The approval was based on the PCYC-1104 Phase 2 trial (NCT01236391), and later supported by additional data from the SPARK Phase 2 (NCT01599949) and the RAY Phase 3 (NCT01646021) trials. But while approved for any relapsed or refractory MCL patients, the data suggested that Imbruvica was more effective as a second-line therapy than at later lines.
This prompted researchers to conduct a pooled analysis of the three clinical trials, aiming to explore how baseline characteristics, including number of prior therapies, influenced treatment outcomes. They also compared the outcomes of patients on Imbruvica to their last treatment regimen.
The analysis included 370 patients with mantle cell lymphoma who had received at least one line of therapy (median 2) and were treated with Imbruvica in the PCYC-1104, SPARK, and RAY clinical trials.
Patients had received oral, once-daily Imbruvica for a median of 11.1 months — with some (22.4%) receiving it for three years or more — and had a median follow-up of 41 months.
The time patients lived without disease progression (a measure called progression-free survival, or PFS) on Imbruvica was compared to the time patients remained on their prior treatment regimen without needing an additional line of therapy – a measure called time to next treatment, or TTNT.
Results showed that patients had a median PFS of 12.5 months on Imbruvica, compared to a median TNTT on their prior regimen of 10.9 months. Overall, half of patients had longer times without disease worsening on Imbruvica than on their last treatment, researchers stressed.
Patients achieving a complete response while on Imbruvica had very good outcomes, with a median PFS of 67.7 months and a median overall survival not reached, meaning that more than half of these patients were alive at the time of the analysis.

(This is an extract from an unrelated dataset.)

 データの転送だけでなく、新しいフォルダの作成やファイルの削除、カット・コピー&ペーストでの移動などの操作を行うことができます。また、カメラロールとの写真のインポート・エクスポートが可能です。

Also, confirming the prior findings, people receiving Imbruvica earlier, as a second-line therapy, had better and progression-free survival (25.4 months) and overall survival rates (61.6 months) than those given Imbruvica in later treatment lines — whose median PFS was 10.3 months and median overall survival 22.5 months.

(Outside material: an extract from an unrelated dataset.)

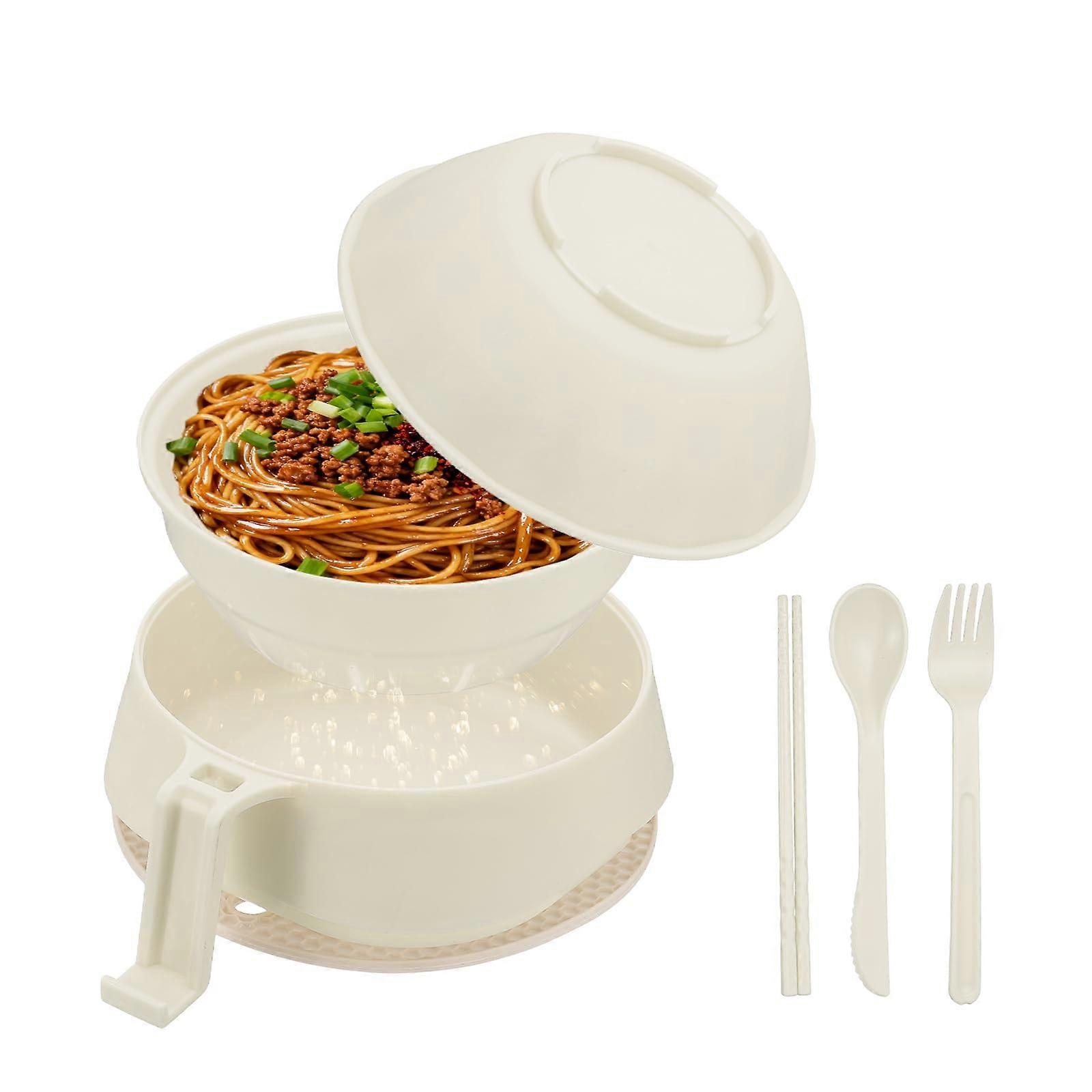 Microwave Ramen Cooker Bowl Set with Lid Handle and Utensils, Wheat Fiber for Dorm or Apartment

However, among the 99 patients who received Imbruvica after first relapse, the best outcomes were seen in those who had responded to their first-line therapy, defined as a TNTT of 24 months or longer. These patients had a median PFS of 57.5 months (nearly five years), over one year more than their initial TNTT of 42.2 months.
Over the follow-up, 81.6% of patients experienced a severe or worse adverse event related to Imbruvica. The most common were low levels of neutrophils, pneumonia, low platelet counts, heart problems, and shortness of breath.
“Building on the legacy of Imbruvica, these latest pooled data presented at ASH, which represent the longest follow-up to date in mantle cell lymphoma, add to the unprecedented body of evidence supporting the use of Imbruvica monotherapy to treat this rare and aggressive form of non-Hodgkin’s lymphoma,” said Danelle James, MD, MAS, Imbruvica Clinical Development Lead, Pharmacyclics LLC, an AbbVie company.
“We continue to be pleased by the proven efficacy and safety profile of this pioneering BTK inhibitor, which has shown to delay disease progression and improve durable responses when used at first relapse,” James said.